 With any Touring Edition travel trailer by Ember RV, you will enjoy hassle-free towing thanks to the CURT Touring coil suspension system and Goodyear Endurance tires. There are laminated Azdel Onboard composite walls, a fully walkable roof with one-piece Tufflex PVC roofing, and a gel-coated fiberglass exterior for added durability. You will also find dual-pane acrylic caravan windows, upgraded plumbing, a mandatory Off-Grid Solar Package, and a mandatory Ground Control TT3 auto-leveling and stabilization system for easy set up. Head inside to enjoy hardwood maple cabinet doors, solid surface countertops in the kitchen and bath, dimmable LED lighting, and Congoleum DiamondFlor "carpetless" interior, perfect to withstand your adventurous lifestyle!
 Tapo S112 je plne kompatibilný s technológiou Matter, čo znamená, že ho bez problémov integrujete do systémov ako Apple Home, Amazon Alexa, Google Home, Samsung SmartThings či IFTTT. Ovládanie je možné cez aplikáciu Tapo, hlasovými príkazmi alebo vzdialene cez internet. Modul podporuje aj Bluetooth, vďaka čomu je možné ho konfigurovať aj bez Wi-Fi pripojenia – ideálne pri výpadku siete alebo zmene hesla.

* * *

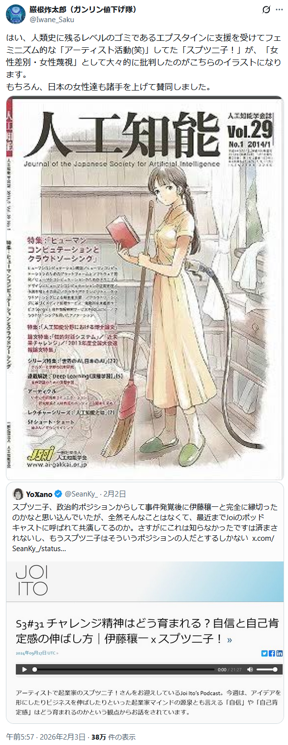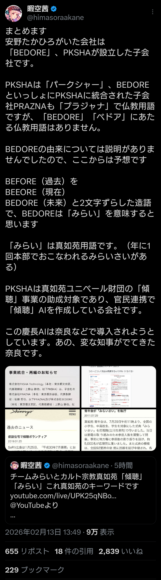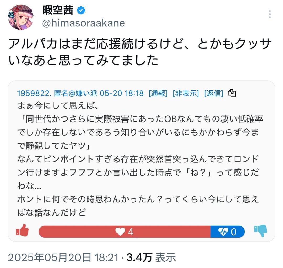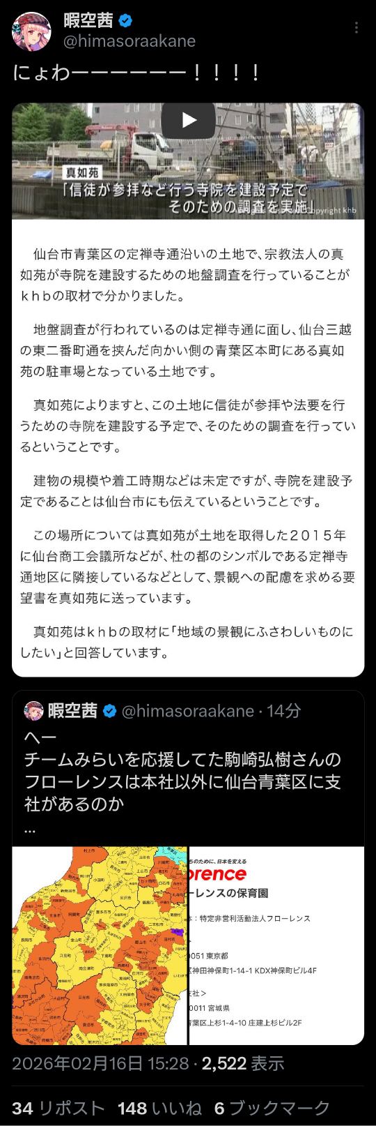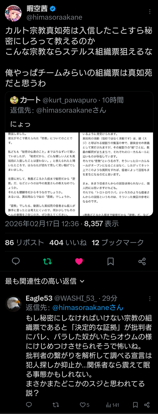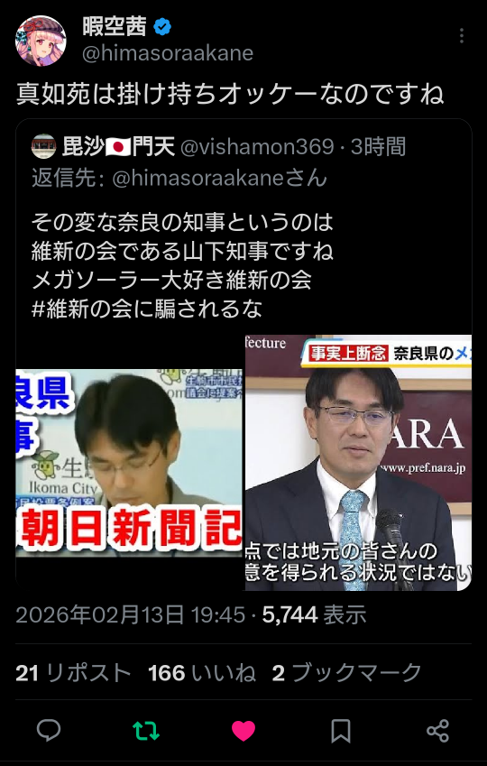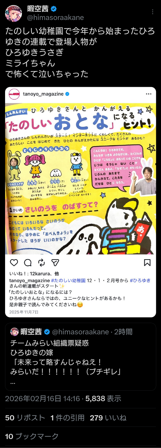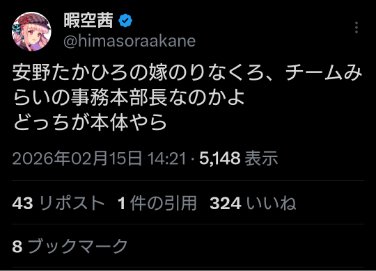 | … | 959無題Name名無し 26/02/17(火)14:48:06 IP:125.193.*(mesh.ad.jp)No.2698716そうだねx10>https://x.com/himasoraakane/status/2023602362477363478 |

> **Action item**: In the material above, transcribe exactly the lines beginning at the one with "With any Touring" and ending at the one with "Tapo S112 je", both included.

> **Answer box**:
 With any Touring Edition travel trailer by Ember RV, you will enjoy hassle-free towing thanks to the CURT Touring coil suspension system and Goodyear Endurance tires. There are laminated Azdel Onboard composite walls, a fully walkable roof with one-piece Tufflex PVC roofing, and a gel-coated fiberglass exterior for added durability. You will also find dual-pane acrylic caravan windows, upgraded plumbing, a mandatory Off-Grid Solar Package, and a mandatory Ground Control TT3 auto-leveling and stabilization system for easy set up. Head inside to enjoy hardwood maple cabinet doors, solid surface countertops in the kitchen and bath, dimmable LED lighting, and Congoleum DiamondFlor "carpetless" interior, perfect to withstand your adventurous lifestyle!
 Tapo S112 je plne kompatibilný s technológiou Matter, čo znamená, že ho bez problémov integrujete do systémov ako Apple Home, Amazon Alexa, Google Home, Samsung SmartThings či IFTTT. Ovládanie je možné cez aplikáciu Tapo, hlasovými príkazmi alebo vzdialene cez internet. Modul podporuje aj Bluetooth, vďaka čomu je možné ho konfigurovať aj bez Wi-Fi pripojenia – ideálne pri výpadku siete alebo zmene hesla.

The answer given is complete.